The human operator remains critical

There is also a temptation to describe AI-powered manufacturing as a progression towards fully autonomous factories in which machines diagnose and correct every problem themselves. In practice, industrial environments are more complicated.

An algorithm can recognise that a parameter has moved outside its normal range. It may identify an unusual pattern across thousands of data points faster than an engineer could manually. But understanding why the change occurred may require knowledge of the production process, recent maintenance work, ambient conditions or changes elsewhere in the facility.

That context still matters. The stronger model is therefore likely to be one in which AI supports engineering judgement rather than attempts to replace it. Instead of asking operators to review every data point, analytical systems can direct their attention towards the conditions most likely to require investigation. Engineers can then apply their technical knowledge to decide whether intervention is necessary. That combination of machine analysis and human expertise is particularly important where maintenance decisions can affect safety, product quality or production continuity.

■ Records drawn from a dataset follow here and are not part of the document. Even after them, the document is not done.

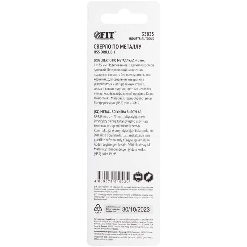 - Тип изделия:Сверло по металлу
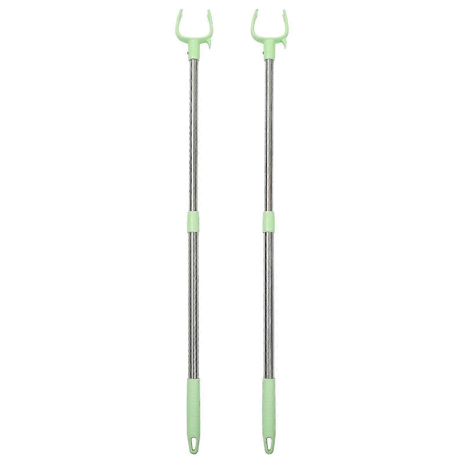 2 Telescopic Clothing Hanger Poles - Sturdy Metal Garment Hooks
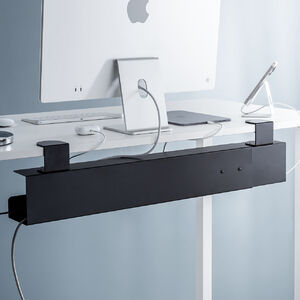 デスクに取り付けて、タップやケーブルなどを収納できるケーブル配線トレー。
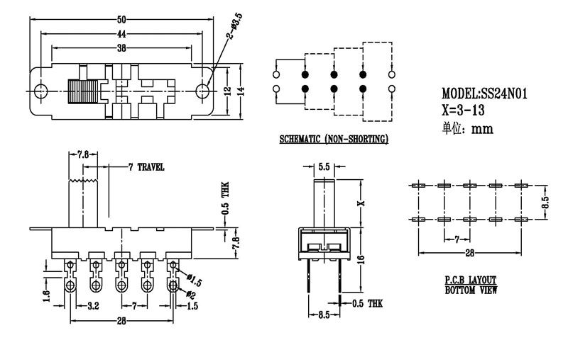 Slide Switch Main data Rating:DC 50V 0.3A~1A ContactResistance:< 100 mΩ InsulationResistance:≥ 100 MΩ Withstand Voltage:500V AC for 1 minute Operating Force:180~500gf Life cycles:10000次 Operationg Temperature:-16℃to+60℃ Storage Temperature:-40℃to+85℃ Complies with:RoHs&Reach
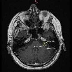 W dn. 15.09.2021 do Poradni Radioterapii zgłosił się chory z niedosłuchem lewostronnym i zaburzeniami równowagi. W wyniku MRI głowy w lewym kącie mostowo-móżdżkowym widoczna była lita masa silnie wzmacniającego się guza, który cienką wypustką wpuklał się do światła przewodu słuchowego wew.
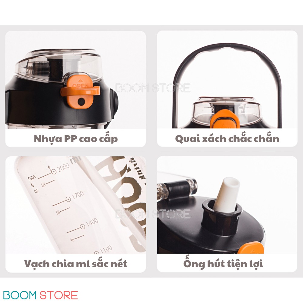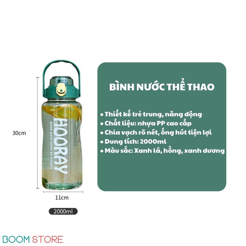 Bình nước thể thao 2 lít chia vạch có ống hút bằng nhựa cute Boom Store

Manufacturers should start with the problem, not the technology

For businesses considering industrial AI, the starting point should not be: "Where can we deploy AI?" A better set of questions would be more operational. Where are we losing production time? Which pieces of equipment create the greatest disruption when they fail? Where is energy consumption increasing without a corresponding rise in output? Which maintenance decisions are still based largely on fixed intervals rather than actual equipment condition?

These questions lead towards use cases that can be measured. A manufacturer could, for example, establish baseline figures for unplanned downtime, energy consumed per unit of production, maintenance call-outs or compressor efficiency. It can then assess whether better monitoring and data-supported maintenance improve those indicators over time.

This also helps businesses avoid one of the risks surrounding enterprise AI: investing in technology because it is fashionable rather than because there is a clearly defined operational problem to solve.

The industrial AI conversation needs different KPIs

Generative AI has made artificial intelligence visible to millions of employees because its output can be seen immediately on a screen. Industrial AI works differently. Its most successful outcomes may sometimes be the things that do not happen.

A potential equipment failure is caught before it disrupts production. Energy consumption does not continue creeping upwards unnoticed. A maintenance team receives enough warning to schedule a repair rather than respond to an emergency. These outcomes may attract less attention than the latest generative AI application, but they can have a much more direct relationship with industrial performance. For manufacturers, the next stage of AI adoption should therefore be less about demonstrating that they are using AI and more about proving what it changes.

The most meaningful indicators are likely to be familiar ones: more uptime, lower energy use, fewer unexpected interventions and greater output from existing assets. Ultimately, that may be the clearest sign that industrial AI has matured. It will stop being measured as a technology initiative and start being measured like any other investment on the production floor: by whether it makes the operation work better.